PATTERNS IN NEW ARAB CINEMA – Schirmer Encyclopedia of Film

Schirmer Encyclopedia of Film

Since its early beginnings in the late 1920s and until the
late 1940s, the influential Arab Egyptian cinema evolved
and reinvented itself largely by incorporating Hollywood’s
well-tested formulas. By the mid-1950s Egyptian cinema
was loosely amalgamating various realist cinematic trends,
including French poetic realism, Italian neorealism, and
socialist realism. It also began to incorporate modernist
German expressionist tendencies as well as early Soviet
dialectical montage. These impulses, however, were
assimilated by Egyptian and other Arab filmmakers as
complementary rather than antithetical to existing local film practices. By the early 1990s Arab films were frequently using self-reflexive stylistic strategies.
In the Palestinian film Divine Intervention (2002),
directed by Elia Suleiman, the story of a young
Palestinian filmmaker (played by Suleiman himself) is
punctuated by shots of the filmmaker placing the film’s
cue cards on the wall of his apartment. Kanya Ya Ma
Kan, Beyrouth (Once Upon a Time in Beirut, 1995), by
Jocelyn Saab (b. 1948), concerns the search by two young
women for their own city. It presents a barrage of
archival footage, film clips, and images of old downtown
movie theaters, as the two women attempt a sort of
excavation of the Lebanese capital before the civil war.
Their search ends in the discovery of Western and Arabic
film clips—including ones made by the Lumie`re
Brothers—from the 1920s up to the early 1970s. And
in West Beyrouth (Ziad Doueiri, 1998), a young boy’s
infatuation with his Super-8 camera results in his becoming a witness to the destruction of his war-torn city.
Developments in communications technologies,
including the mushrooming of Arab satellite film and
television networks, were a major element in the expansion of Arab cinema at the end of the twentieth century.
Film festivals in the region are also growing. Among the
most influential annual events that screen films from the
Arab world and elsewhere are the Cairo, Beirut,
Marrakesh, Damascus, and Carthage Film Festivals as
well as the Dubai Film Festival, created in 2004. The
burgeoning annual Ismailiah International Documentary
Film Festival in Egypt has also become a major outlet for
screening and discussing the latest trends in Arab documentary and experimental filmmaking. All these events
are increasingly informing and informed by a renaissance
of a pan-Arab national cultural interaction.
Important distribution centers for Arab film in the
West include New Yorker Video, Winstar Home Video,
and Kino International, all in New York. The largest
source of Arab films remains Arab Film Distribution in
Seattle. Among the major events that regularly screen Arab
films are the Arab Film Festival in San Francisco (organized by Cinemayaat), the Seattle Film Festival (Arab Film
Distribution), the Arab Film Festival in Montreal (organized in coordination with Cine´mathe`que Que´be´coise),
the Biennial of Arab Cinemas (organized in Paris by
l’Institut du Monde Arabe), and Arabscreen, a documentary and short festival in London.
On the one hand, and more than ever before in
contemporary Arab history, a cultural revival is transcending divisions and borders between various Arab
states, regions and peoples—a division originally prescribed and designed by colonial powers in the first
decade of the twentieth century. This revival appears to
be ushering in a new period in the development of Arab
cinema. On the other hand, political tensions in the
Middle East—including the continuing Palestinian
dilemma, and the ramifications of the Gulf War (1992)

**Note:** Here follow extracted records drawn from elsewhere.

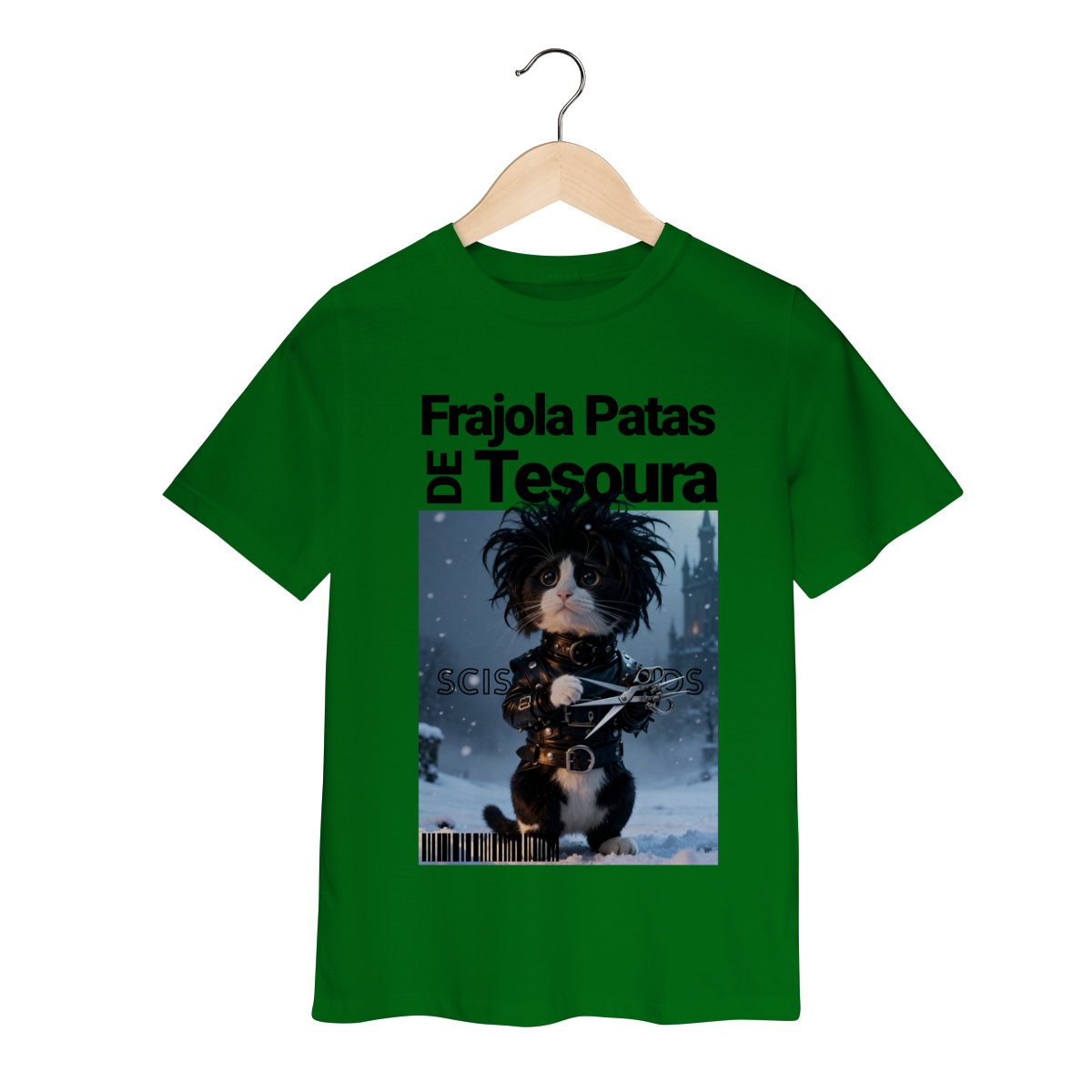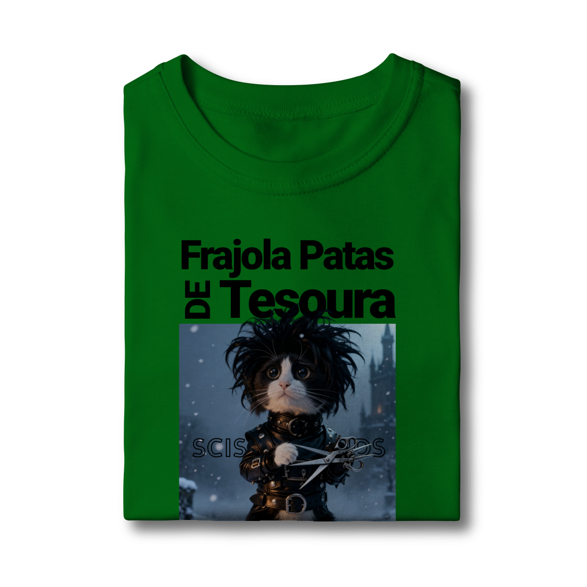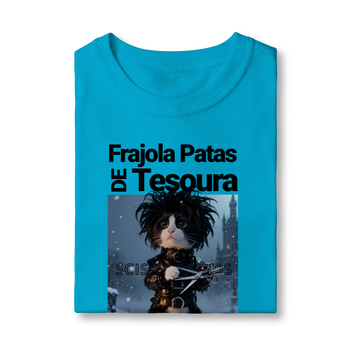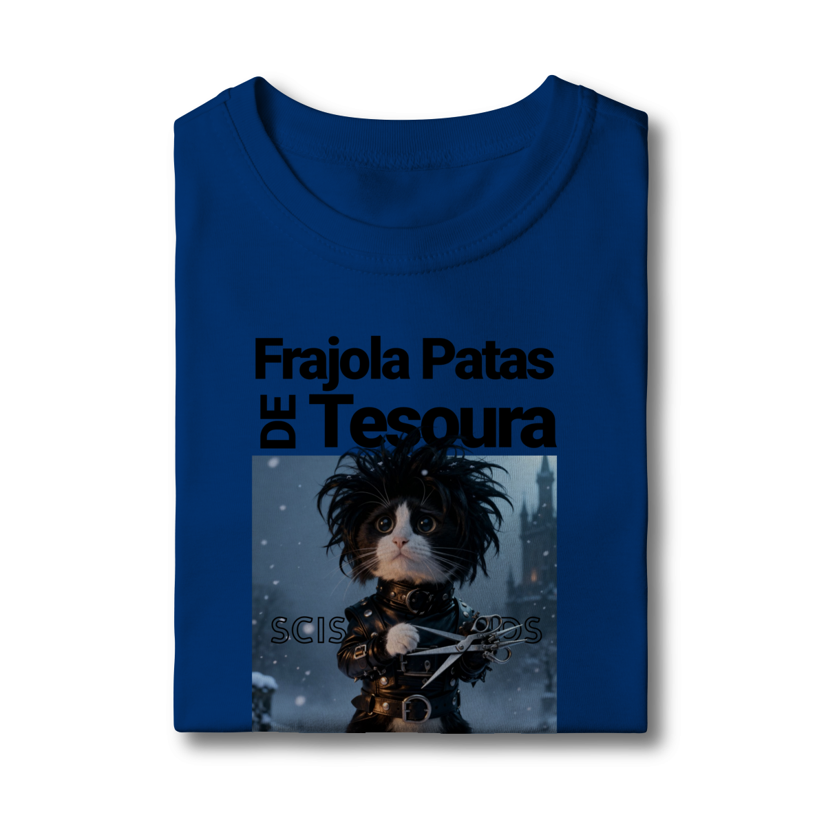 A camiseta “Frajola Patas de Tesoura” traz uma releitura divertida e estilizada do clássico personagem de tesouras — só que agora reinventado como um gatinho dramático, fofo e cheio de personalidade.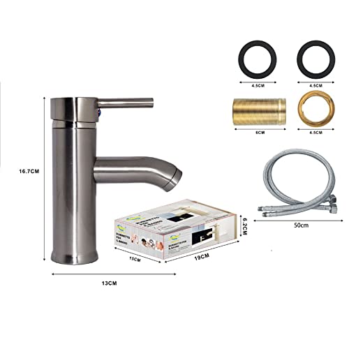 Rubinetto da bagno lavabo in Acciaio Inox acqua fredda e calda ANMECS Miscelatore Monocomando per Bagno (ANC-9122)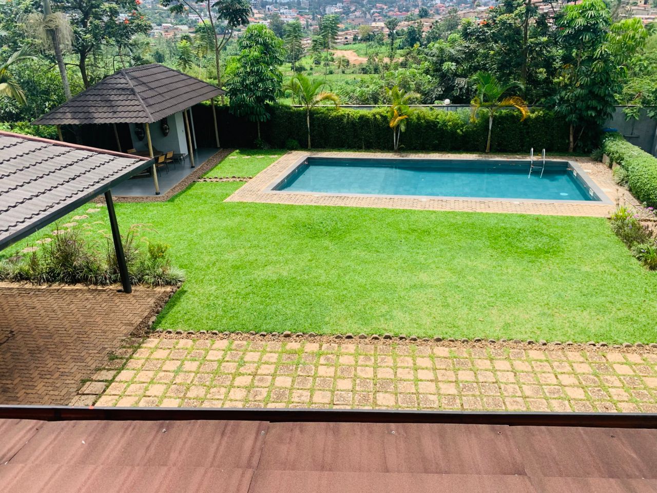 - Nearby green hills and MTN Nyarutarama headquarters.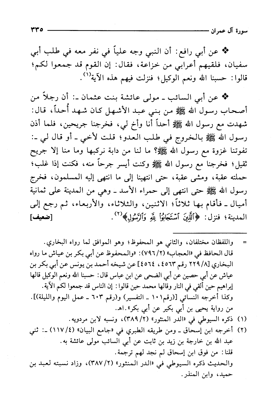 * عن أبي رافع: أن النبي وجه علياً في نفر معه في طلب أبي سفيان، فلقيهم أعرابي من خزاعة، فقال: إن القوم قد جمعوا لكم؛ قالوا: حسبنا الله ونعم الوكيل؛ فنزلت فيهم هذه الآية (¬1).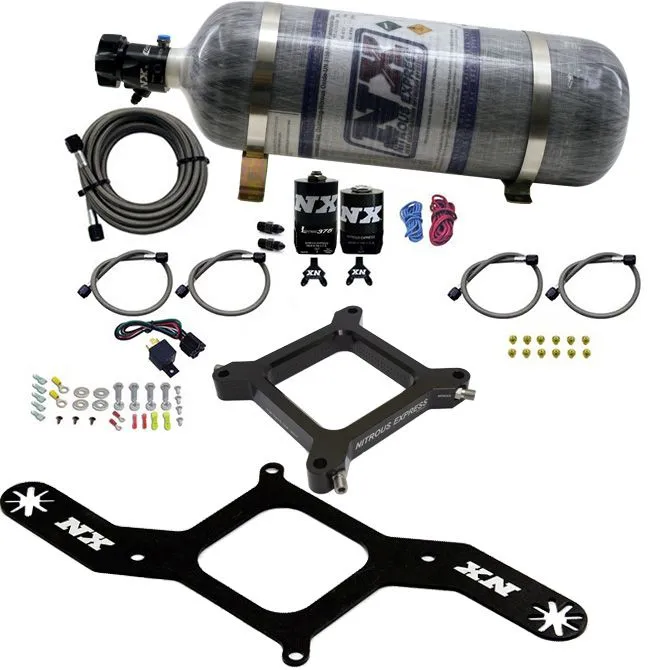 Strona główna » Układ dolotowy » Nitro NX » Zestawy Nitro Carbureted » 4150 Assassin Plate Gasoline RNC 250-750Hp with 12Lb Carbon Bottle Nitrous Express NX 67140-12

and the Iraq War (2003) (both of which are widely
viewed in the area as reflections of neocolonialist designs
and interventions)—continue to stimulate politically and
culturally conscious preoccupations in film. This complex backdrop has encouraged the emergence of new
thematic trends and stylistic patterns in various areas of
cultural production, including filmmaking. It has
allowed for the growth of film practices that favor breaking down artificial barriers—of form, nationality, and
‘‘high’’ and ‘‘low’’ art—that so often delineate cinematic
practices in the West. All this can only signal new beginnings for a cinema that bears the responsibility of expressing the struggles of its people.